» Work to be completed: Exact copies of the records below are needed, free of pictures.

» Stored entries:
__________

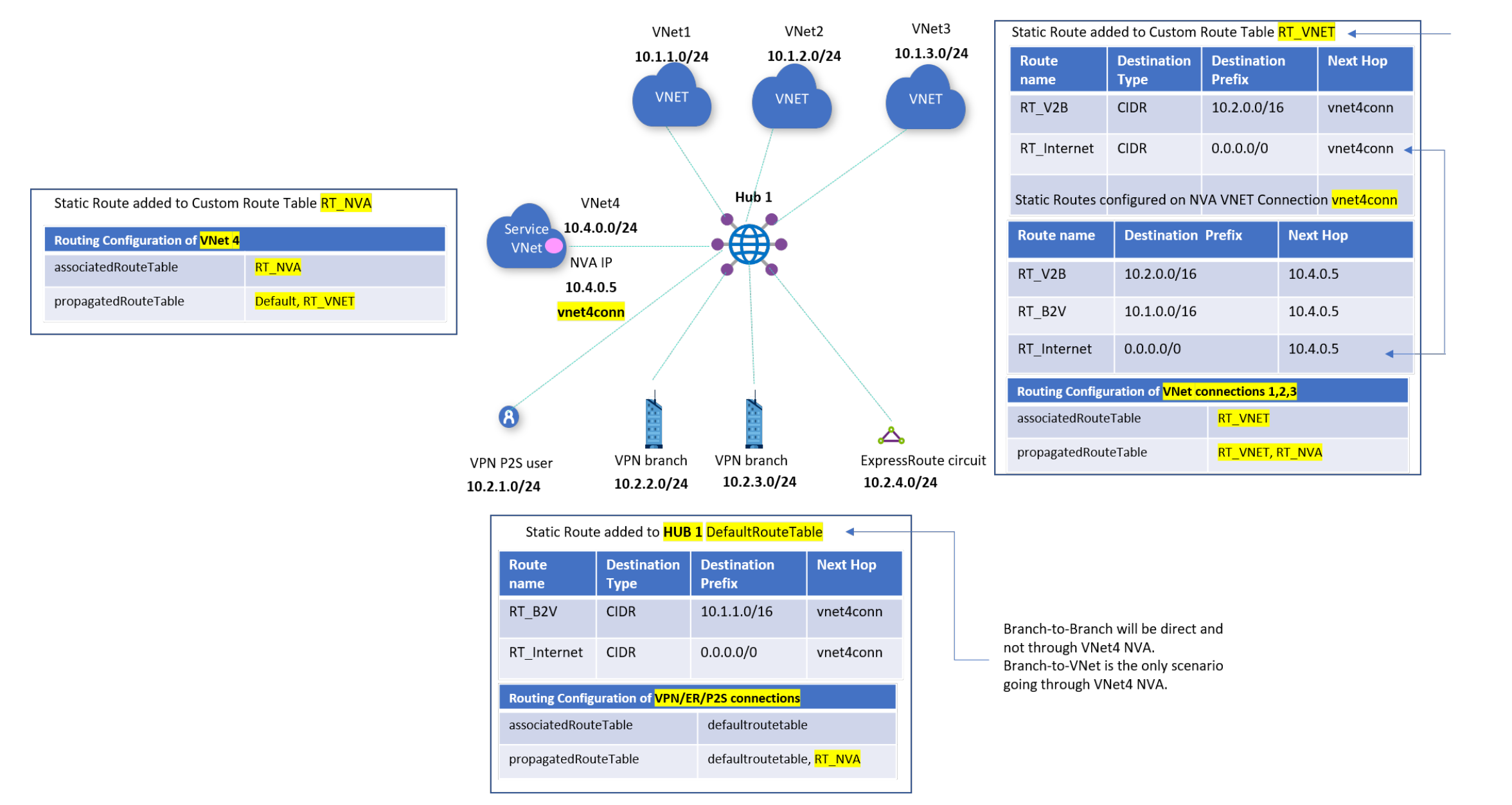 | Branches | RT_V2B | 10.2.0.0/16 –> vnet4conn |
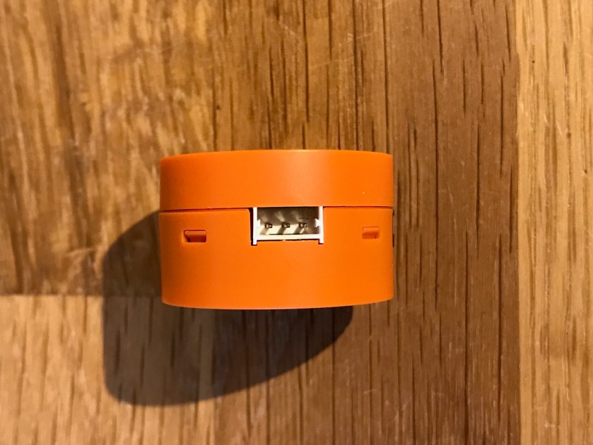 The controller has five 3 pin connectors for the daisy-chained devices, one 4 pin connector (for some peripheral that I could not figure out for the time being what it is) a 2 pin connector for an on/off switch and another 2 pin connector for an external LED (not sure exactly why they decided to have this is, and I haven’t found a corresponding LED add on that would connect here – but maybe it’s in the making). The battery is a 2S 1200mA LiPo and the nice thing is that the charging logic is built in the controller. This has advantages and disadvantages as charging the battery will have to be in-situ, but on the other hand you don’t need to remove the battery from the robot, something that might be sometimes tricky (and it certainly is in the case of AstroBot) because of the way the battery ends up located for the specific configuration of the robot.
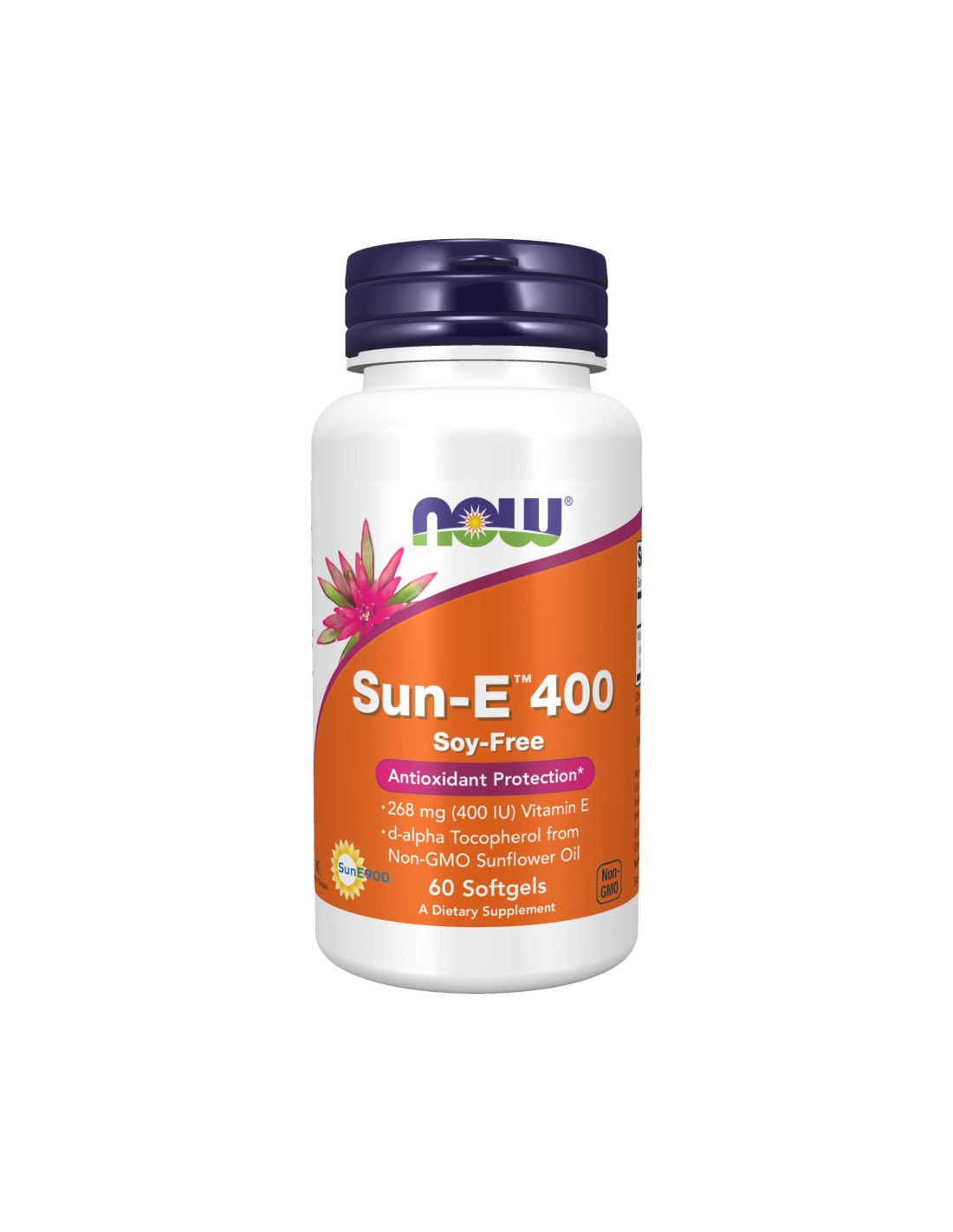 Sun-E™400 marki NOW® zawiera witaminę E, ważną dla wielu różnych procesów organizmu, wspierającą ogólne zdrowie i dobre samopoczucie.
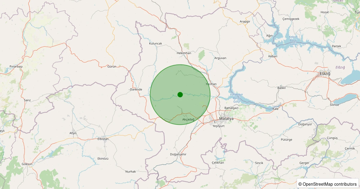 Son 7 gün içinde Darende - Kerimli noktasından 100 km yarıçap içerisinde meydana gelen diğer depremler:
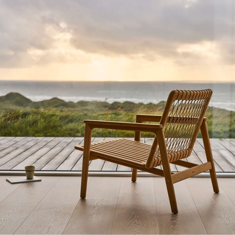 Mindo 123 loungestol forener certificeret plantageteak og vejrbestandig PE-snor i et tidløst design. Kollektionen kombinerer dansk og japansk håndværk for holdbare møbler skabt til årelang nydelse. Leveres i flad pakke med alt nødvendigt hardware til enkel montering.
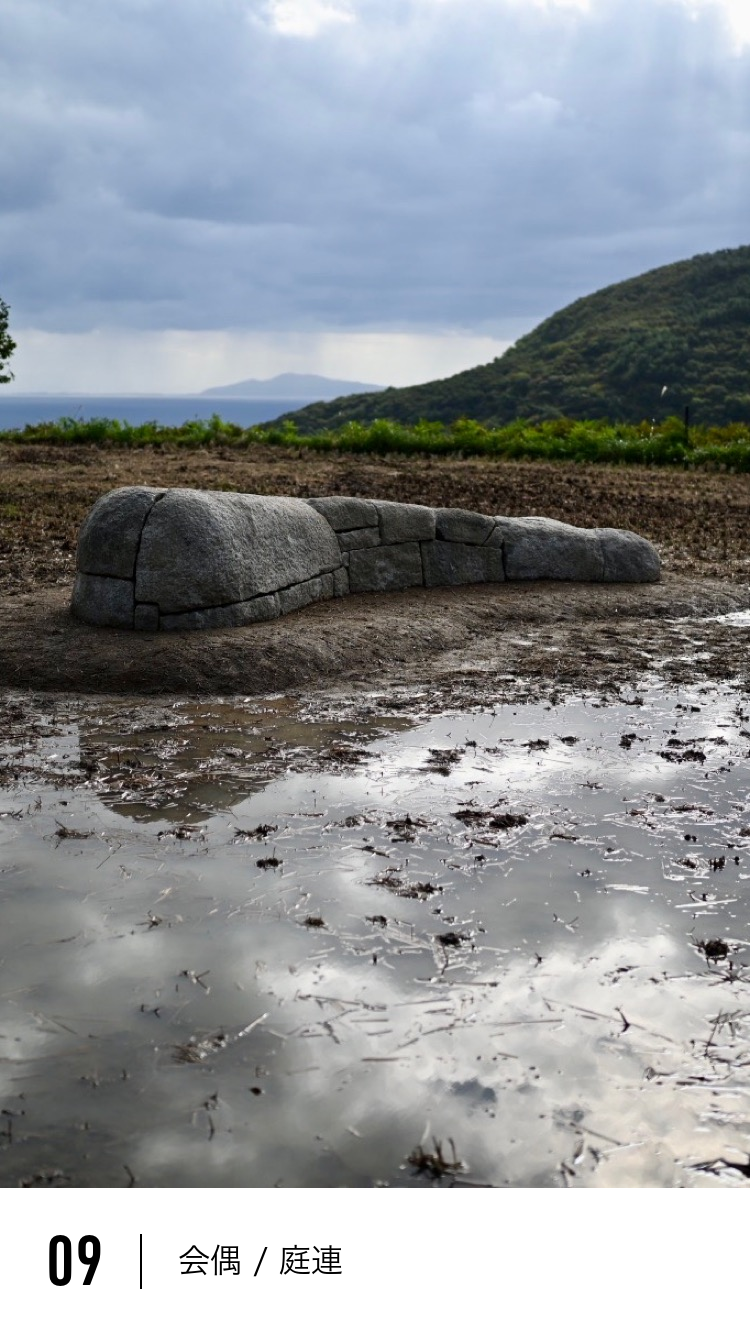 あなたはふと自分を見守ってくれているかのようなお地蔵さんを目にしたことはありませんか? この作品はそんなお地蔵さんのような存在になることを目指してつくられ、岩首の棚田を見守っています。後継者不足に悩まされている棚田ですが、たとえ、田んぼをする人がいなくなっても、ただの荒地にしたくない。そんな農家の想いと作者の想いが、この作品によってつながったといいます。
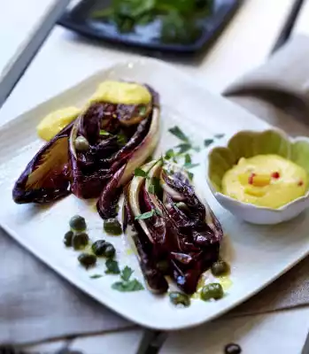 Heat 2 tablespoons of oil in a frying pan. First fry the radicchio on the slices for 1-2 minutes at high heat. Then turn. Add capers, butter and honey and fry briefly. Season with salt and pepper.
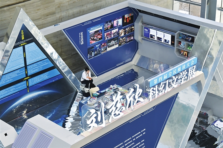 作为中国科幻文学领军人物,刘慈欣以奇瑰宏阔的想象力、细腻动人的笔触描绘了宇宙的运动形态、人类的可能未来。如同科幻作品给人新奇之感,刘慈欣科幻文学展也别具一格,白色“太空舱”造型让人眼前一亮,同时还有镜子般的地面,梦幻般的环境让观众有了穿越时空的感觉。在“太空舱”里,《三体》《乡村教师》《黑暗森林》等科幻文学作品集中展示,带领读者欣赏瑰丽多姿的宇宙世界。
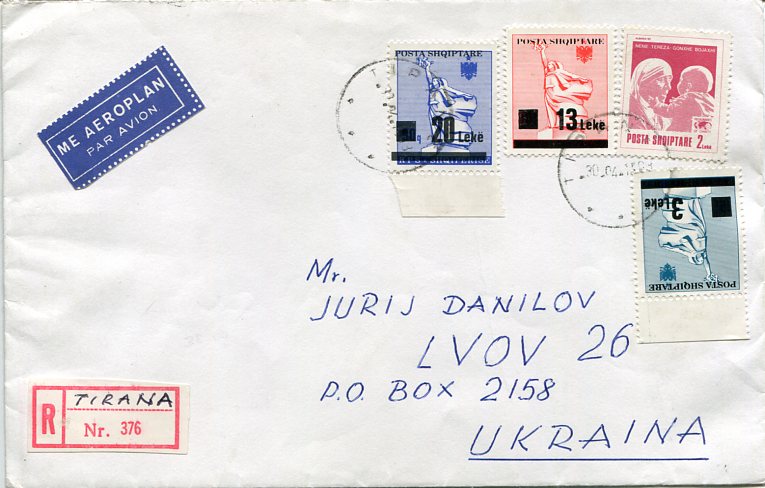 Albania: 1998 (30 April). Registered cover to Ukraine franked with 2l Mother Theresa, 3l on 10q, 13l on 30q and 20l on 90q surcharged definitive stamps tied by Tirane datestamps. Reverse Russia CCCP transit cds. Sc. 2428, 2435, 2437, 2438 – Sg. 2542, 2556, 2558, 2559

__________

» Result of this task:
 | Branches | RT_V2B | 10.2.0.0/16 –> vnet4conn |
 The controller has five 3 pin connectors for the daisy-chained devices, one 4 pin connector (for some peripheral that I could not figure out for the time being what it is) a 2 pin connector for an on/off switch and another 2 pin connector for an external LED (not sure exactly why they decided to have this is, and I haven’t found a corresponding LED add on that would connect here – but maybe it’s in the making). The battery is a 2S 1200mA LiPo and the nice thing is that the charging logic is built in the controller. This has advantages and disadvantages as charging the battery will have to be in-situ, but on the other hand you don’t need to remove the battery from the robot, something that might be sometimes tricky (and it certainly is in the case of AstroBot) because of the way the battery ends up located for the specific configuration of the robot.
 Sun-E™400 marki NOW® zawiera witaminę E, ważną dla wielu różnych procesów organizmu, wspierającą ogólne zdrowie i dobre samopoczucie.
 Son 7 gün içinde Darende - Kerimli noktasından 100 km yarıçap içerisinde meydana gelen diğer depremler:
 Mindo 123 loungestol forener certificeret plantageteak og vejrbestandig PE-snor i et tidløst design. Kollektionen kombinerer dansk og japansk håndværk for holdbare møbler skabt til årelang nydelse. Leveres i flad pakke med alt nødvendigt hardware til enkel montering.
 あなたはふと自分を見守ってくれているかのようなお地蔵さんを目にしたことはありませんか? この作品はそんなお地蔵さんのような存在になることを目指してつくられ、岩首の棚田を見守っています。後継者不足に悩まされている棚田ですが、たとえ、田んぼをする人がいなくなっても、ただの荒地にしたくない。そんな農家の想いと作者の想いが、この作品によってつながったといいます。
 Heat 2 tablespoons of oil in a frying pan. First fry the radicchio on the slices for 1-2 minutes at high heat. Then turn. Add capers, butter and honey and fry briefly. Season with salt and pepper.
 作为中国科幻文学领军人物,刘慈欣以奇瑰宏阔的想象力、细腻动人的笔触描绘了宇宙的运动形态、人类的可能未来。如同科幻作品给人新奇之感,刘慈欣科幻文学展也别具一格,白色“太空舱”造型让人眼前一亮,同时还有镜子般的地面,梦幻般的环境让观众有了穿越时空的感觉。在“太空舱”里,《三体》《乡村教师》《黑暗森林》等科幻文学作品集中展示,带领读者欣赏瑰丽多姿的宇宙世界。
 Albania: 1998 (30 April). Registered cover to Ukraine franked with 2l Mother Theresa, 3l on 10q, 13l on 30q and 20l on 90q surcharged definitive stamps tied by Tirane datestamps. Reverse Russia CCCP transit cds. Sc. 2428, 2435, 2437, 2438 – Sg. 2542, 2556, 2558, 2559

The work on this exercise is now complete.